Image acquisitions of the Ph1 calibration phantom were performed at different times in order to vary the activity concentration. The calibration factor was stable with CoV equal to 2.5%. Note that CT contours of the inner edges of the cylinder have been delineated on all images and may be an additional source of uncertainty.

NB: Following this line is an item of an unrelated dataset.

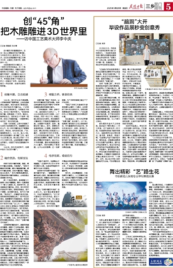 - 创“45°角” 把木雕雕进3D世界里 □记者 蔡晓莉 张永青 在木雕艺术的璀璨星空中,总有一些人以精湛技艺和不懈创新,为传统艺术注入新的活力。李中庆,这位来自湖溪镇的中国工艺美术大师、正高级工艺美术师,便是其中一位。 东阳和潮
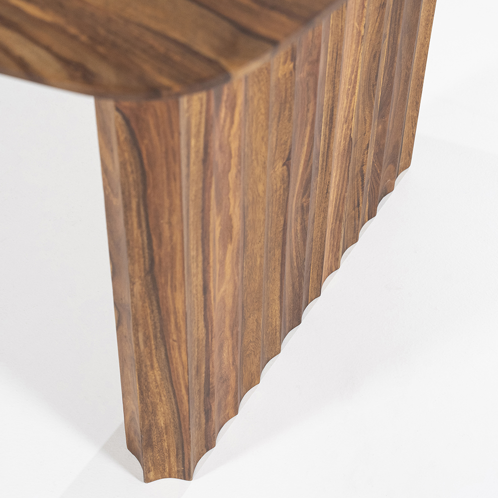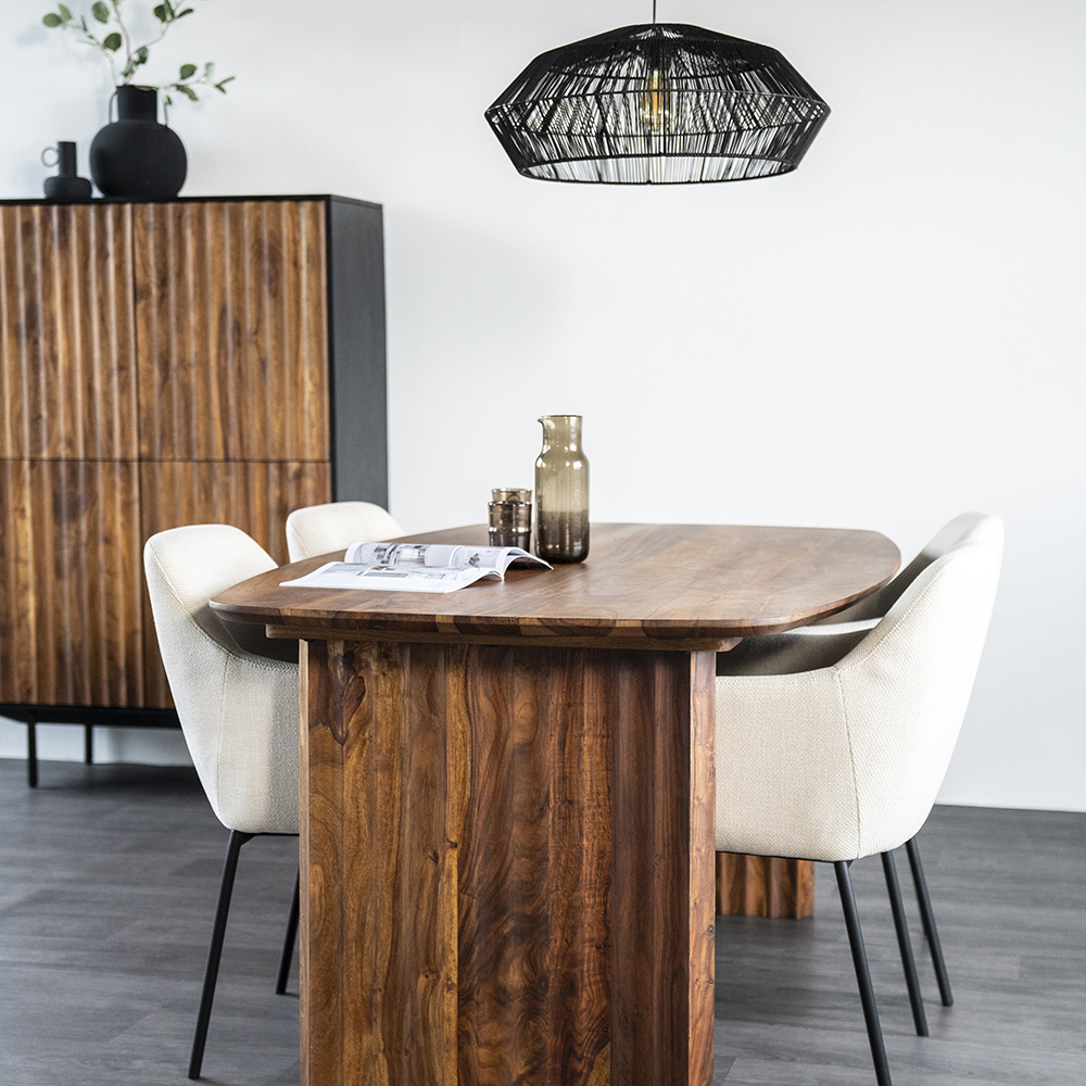 Deze trendy eettafel past helemaal binnen de huidige woontrends. De rechthoekige eettafel is volledig gemaakt van Sheesham hout en heeft een robuust blad met afgeronde hoeken. De twee poten zijn ook van Sheesham hout en zijn voorzien van een reliëf. Het hout heeft een donkere warme tint die mooi is toe te passen in diverse woonstijlen. De tafel heeft een afmeting van 240×100 cm en biedt genoeg ruimte om heerlijk met 6 personen te dineren.

Activity recovery in large hot volumes

With volumes close to those of patient organs such as kidneys or spleen (129 and 521 mL), ARCs were greater than 0.9 and therefore suitable for dosimetry. For smaller volumes, additional partial volume correction is advised.

Patient acquisitions

The RecVis reconstruction shown in Fig. 7 was performed with the parameters recommended by the manufacturer. The HPC option takes account of high-energy photons passing through the collimator; hence, scatter correction is not applied. PSFR option was also applied and has been optimised for visualisation. The acquisition time of a whole-body SPECT scan was reduced by at least half when compared to that of a conventional gamma camera. This is important for patients in pain who may find it difficult to remain still for long periods and where multiple SPECT/CT acquisitions will be performed. In practice, it is also possible to perform more SPECT/CT acquisitions in one day. In our institution, more than 60 patients have already been imaged with this camera for monitoring their treatment. The latest version of VERITON (400 series) allows acquisitions of higher energy photons (up to 400 keV) and thus, the ability to use the peak at 208 keV of 177Lu.

Conclusion

We evaluated the quantitative performance of VERITON for 177Lu treatments and proposed a set of recommended reconstruction parameters for quantification purposes called RecQuant. We advocate the use of two sets of reconstruction parameters: one for quantification and one for visualisation with the same acquisition parameters. For quantification, CT-based attenuation correction, scatter correction, 12 iterations, 8 subsets and no filter provided the best compromise between ARC and RMS values. For large volumes such as kidneys, ARCs were in the order of 0.91. In this work, the VERITON 200 series system with SW version 2.3.0.1234 was used. The reconstruction software is still evolving and additional improvements are expected in future versions. While the system is limited to 113 keV detection for 177Lu, the ARC obtained with RecQuant demonstrates that it can be used for 177Lu dosimetry purpose. The acquisition time for a whole-body image of about 1.8 m length is around 25 min, which is about three times faster than with conventional dual-head cameras.